Fan games are not protected by "fair use".

The IP holders probably have a solid copyright and trademark infringement case.

The IP holders may have simply not taken legal action to enforce their rights yet. But keep in mind that this doesn't prevent them from doing so within the statute of limitations for doing so. In many countries, the statute of limitations is three years for copyright and trademark infringement from discovery of the infringement.

Why might IP holders refrain from bringing lawsuits?

There are various reasons that the IP holders may not have sued. More than one of these reasons may be present at the same time and influence the ultimate decision to not seek to legally shut down fan games.

The IP holder may not know there is a serious problem

The IP holder may not be aware of the activity.

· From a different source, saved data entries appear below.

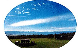
てんきょうだい K. 天鏡台
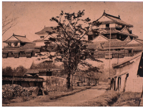
明治時代の松山城

申込 5月27日(日)(必着)。はがき・ファクス・eメールで、住所、氏名、電話番号、講座名を〒790-0001一番町三丁目20坂の上の雲ミュージアム講座係 saka-museum@city.matsuyama.ehime.jpへ 会場 坂の上の雲ミュージアム事務所 ☎915-2601・FAX 915-3600
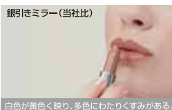
白色が黄色く映り、多色にわたりくすみがある。
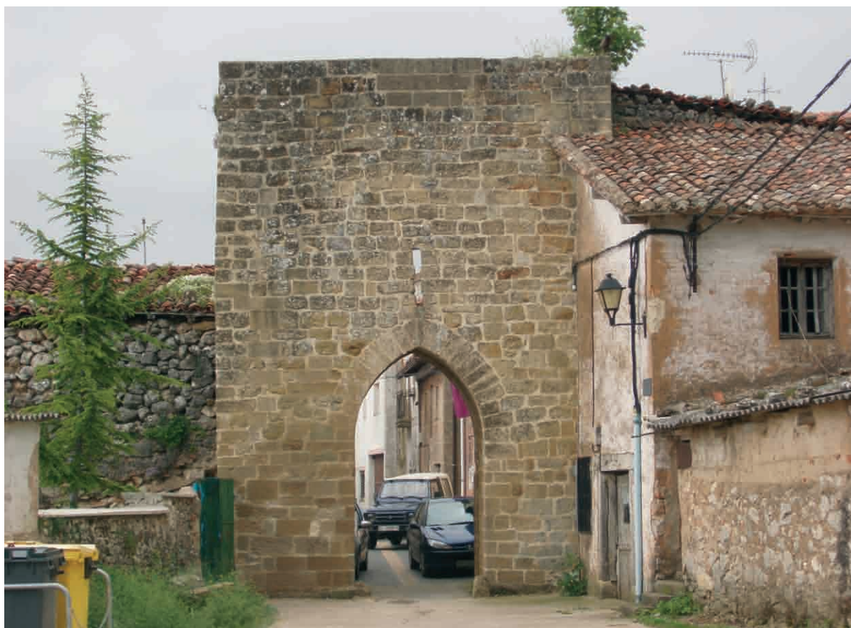
FOTO 2. Portal de la villa alavesa de Bernedo.
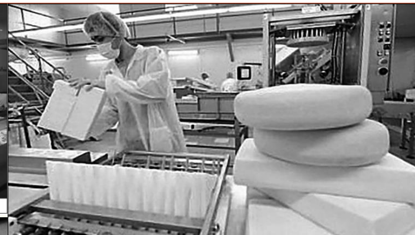
Виробництво сирів на заводі «Дубномолоко» (Рівненська обл.) компанії «Комо»
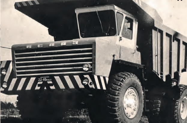
БелАЗ-548 (40 тонн). Эта машина выпускалась в пяти модификациях, в том числе был и «северный вариант».
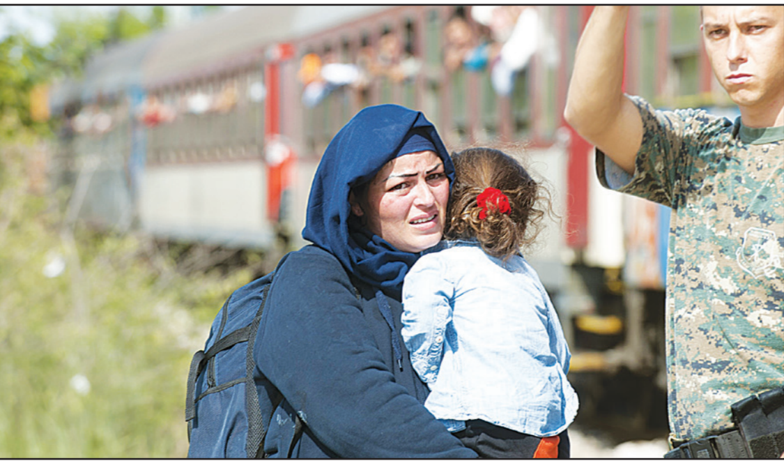
سورية تحمل طفلتها بانتظار ركوب قطار في اليونان في طريق الهجرة لاوروبا

■ عواصم - وكالات: حذرت أنقرة موسكو من تكرار اختراق مجالها الجوي خلال غارات شنتها على سوريا، فيما ندد حلف شمال الأطلسي بهذا التوغل الروسي «بالغ الخطورة»، داخل الأجواء التركية، ودعا روسيا إلى «الوقف الفوري لهجماتها ضد المعارضة السورية والمدنيين». وقال وزير الخارجية الأمريكي جون كيري أمس الاثنين إن الولايات المتحدة «تشعر بقلق بالغ» من انتهاك طائرة روسية المجال الجوي التركي في مطلع الأسبوع. وقال إن روسيا يجب أن تتقل بشكل مباشر إلى الرئيس السوري بشار الأسد ما هو منتظر منه في إطار تحول سياسي في سوريا. وقال «أود أن أقول لروسيا إن عميلهم الذي أصبح يواجه متاعب كبيرة يجب أن يعرف بطريق مباشر ما نقلته روسيا إليها وما هو مطلوب منه للوفاء بالتوقعات الدولية في هذا الشأن»، وكانت أنقرة أعلنت أن مقاتلات أف 16 تركية اعترضت السبت طائرة حربية روسية انتهكت المجال الجوي التركي عند الحدود السورية وازعمتها على العودة، وفق وزارة الدفاع التركية.
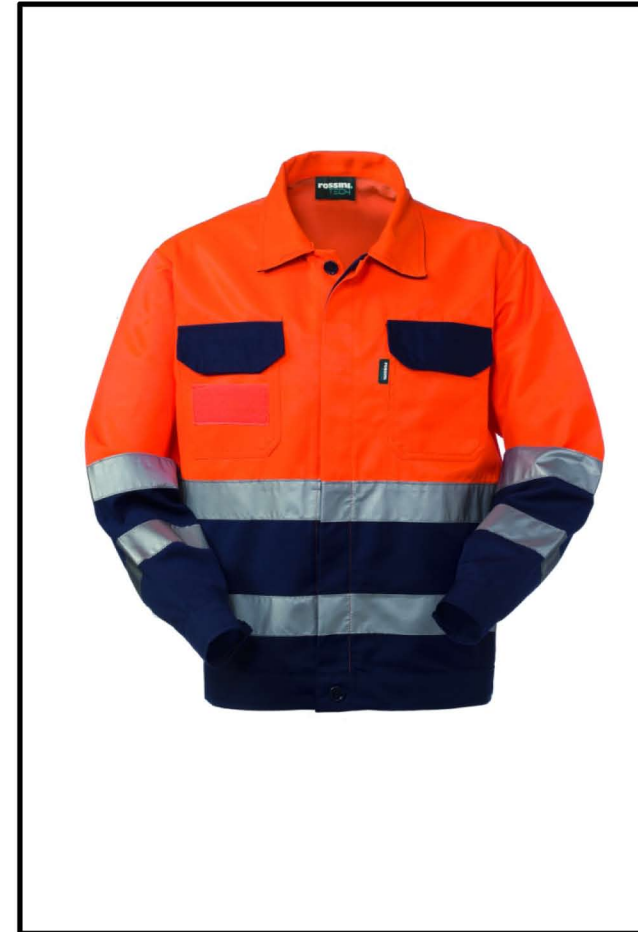
21 - ARANCIO/BLU

The ability to make good IP does not always overlap with having good monitoring of gray area fan activity on the Internet. Corporate IP holders may have simply not tasked employees with monitoring this activity, and individual IP creators may be do busy creating new work to be bothered with what their fans are doing.

Even if the IP holder may have some dim sense that some sort of unlicensed fan games are out there, they may not have a sense of how big they are and whether it is something worth pursuing legally.

These lawsuits are hard to bring and may not result in much money collected if they are won

Identifying defendants to name in an infringement lawsuit based upon conduct by pseudonymous people on the Internet is hard, sometimes fails to identify those involved, and takes expensive investigative work to event attempt. '

Fans are often minors or young people who have few assets from which a judgment could be collected if the IP holders won, so the lawsuits may not be economic to bring (this also makes it hard to hire IP lawyers to sue on a contingent fee basis). The IP holder might not be able to afford a lawyer on a non-contingent fee basis for reasons unrelated to the merits of the lawsuit.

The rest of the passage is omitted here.